JEFF CANTWELL: That's a great question. And I think it's important to know that timing is everything, right, in the industry. And so if we were looking at Coinbase in 2016, 2017, A, it would have a great tailwind behind the company, as it was kind of going through a very positive federal driven environment. But also, underneath that, you'd also have less competition. Coinbase really was innovative at that time. And so it had open runway for growth.
At this point in time, what we're seeing from FTX and from Binance and from others, including Robinhood, where we saw last week, is, there's a number of competitors that have really come into the space. And what that's doing is it's making it harder for Coin to differentiate itself. And that's the piece that we're most focused on right now, particularly given the macro environment.
So I think overall, what you're starting to see is share losses for Coinbase. It lost about 130 basis points of market share over these past two quarters. And so we think that given some of these pricing changes that Binance and FTX and others have been making to get lower cost pricing into the equation for the retail side of the business, that's ultimately going to be pressuring Coinbase and making it harder for them to grow from here.
BRIAN SOZZI: Jeff, is the industry big enough to support three main trading platforms? Or if you're Coinbase, you should be now thinking about, well, should I reach out to Binance? Should I reach out to FTX? Do I need to merge with them?
JEFF CANTWELL: Well, consolidation will always be a part of the industry. I'm not necessarily making that call, where we'll see that type of consolidation. But I think what you will see is as price pressure continues over time, as that part of it increases, you will likely see some consolidation amongst exchanges. And historically, that has been the case. We've looked at other industries. I think equity trading is sort of an important corollary to what we're seeing in crypto trading.
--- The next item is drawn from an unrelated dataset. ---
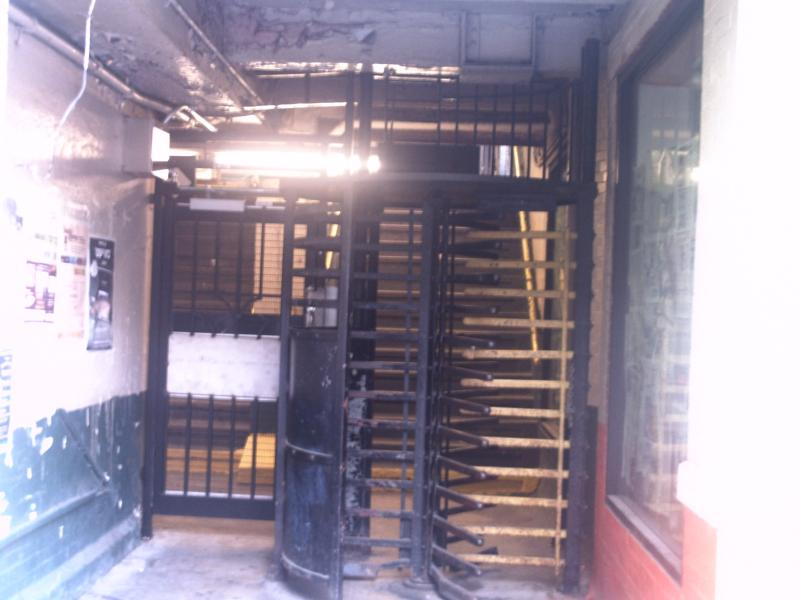 Exit-only turnstile on the southbound side of Avenue J

And so what you're seeing over time is pricing pressure from new entrants in the equity trading market. And that has led to consolidation. So I agree with your point. It's something that we'll be keeping track of.
BRAD SMITH: Coinbase also has a part of their business that directly revolves around staking. And so for this period of time, in a crypto winter, what does that change in terms of the calculus around how much their revenues that are coming in from their staking business will actually look like and the people that are willing to-- the number of HODLers, if you will, that are willing to stake their cryptocurrency and what that means in revenue for a company on Coinbase?
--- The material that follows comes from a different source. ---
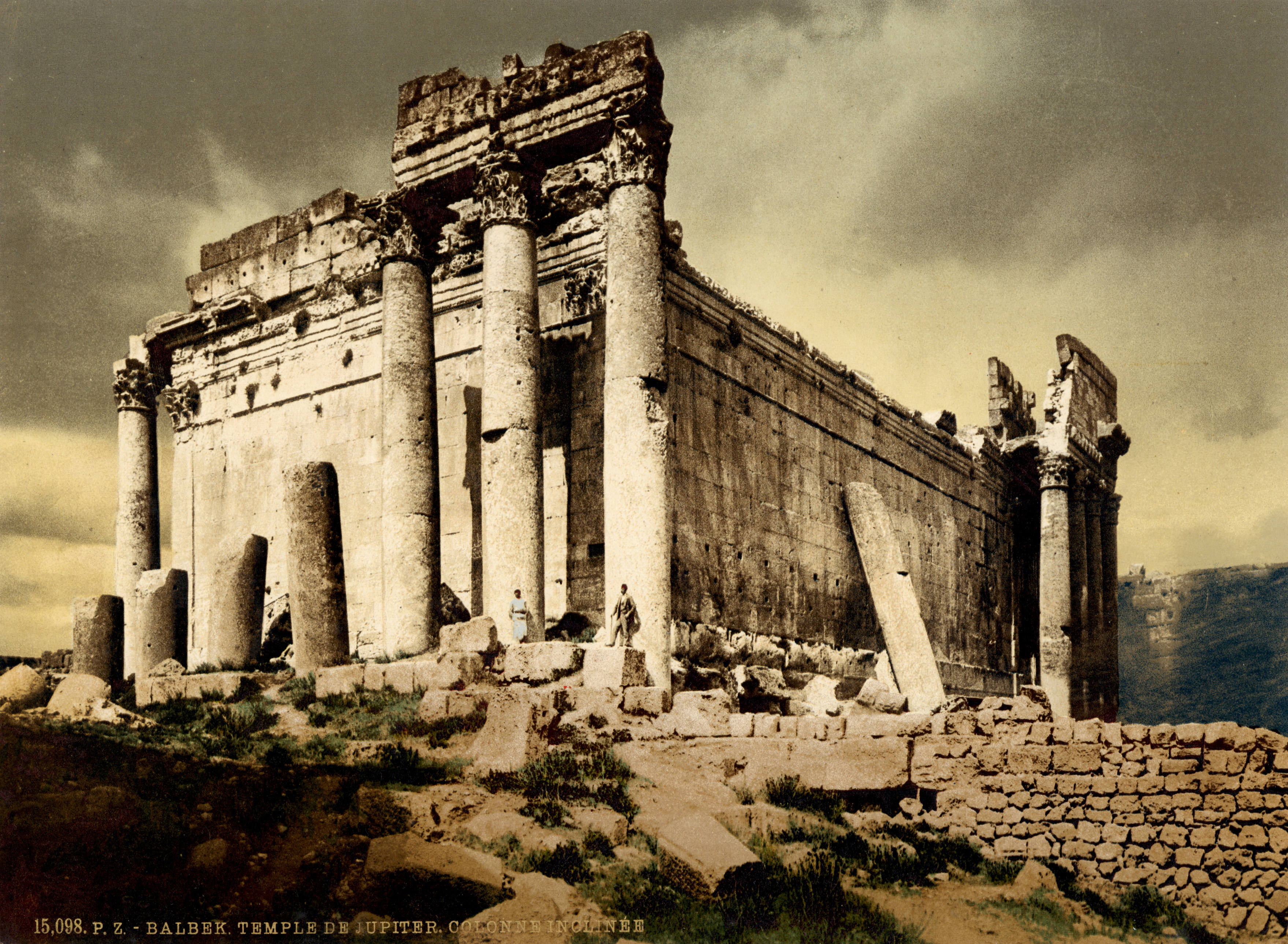 Temple of Jupiter, leaning column, Baalbek, Holy Land, (i.e., Ba'labakk, Lebanon) Taken from the Detroit Publishing Co. Collection at the U.S. Library of Congress. [PD] This picture is in the public domain.

JEFF CANTWELL: Well, still a small piece of the business is growing. But it brings the regulatory aspect into the equation. You have to look at the role of regulators in the crypto industry going forward. And so, the SEC has been very aggressive as far as regulation. And what they're focusing on right now is the Howey test. And what they're saying is that if there's some coin where a consumer who's purchasing that coin is benefiting from the work of others, that could potentially be deemed a security.
Now, the balance there, the nuance in that argument is Coinbase and others are, I believe, rightly pointing out that there's more to think about with this industry. This is very dynamic. There's a lot of new business models emerging. And so you don't want to stifle innovation. So that's a very valid point. And we kind take that as, this is an ongoing conversation with the regulators.
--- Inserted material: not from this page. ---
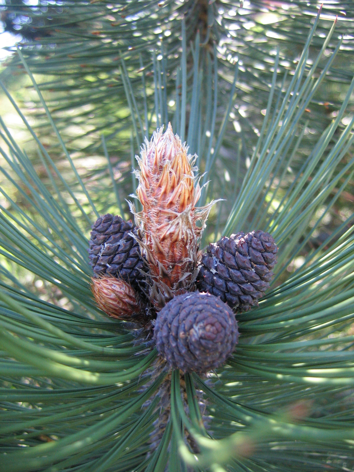 Bosnian Pine cultivar 'Satellit' (Pinus heldreichii 'Satellit'), young seed cones. Tree cultivated in Wrocław University Botanical Garden, Wrocław, Poland.

But ultimately, from our perspective, staking does seem very similar to a yield product, as we've seen in the financial industry. And therefore, you will likely have further regulation. And from our perspective, that will likely be negative for volumes in the space given-- compared to the previous regime pre-regulation.
BRIAN SOZZI: Wells Fargo analyst Jeff Cantwell with the big call on Coinbase, good to see you. We'll talk to you soon.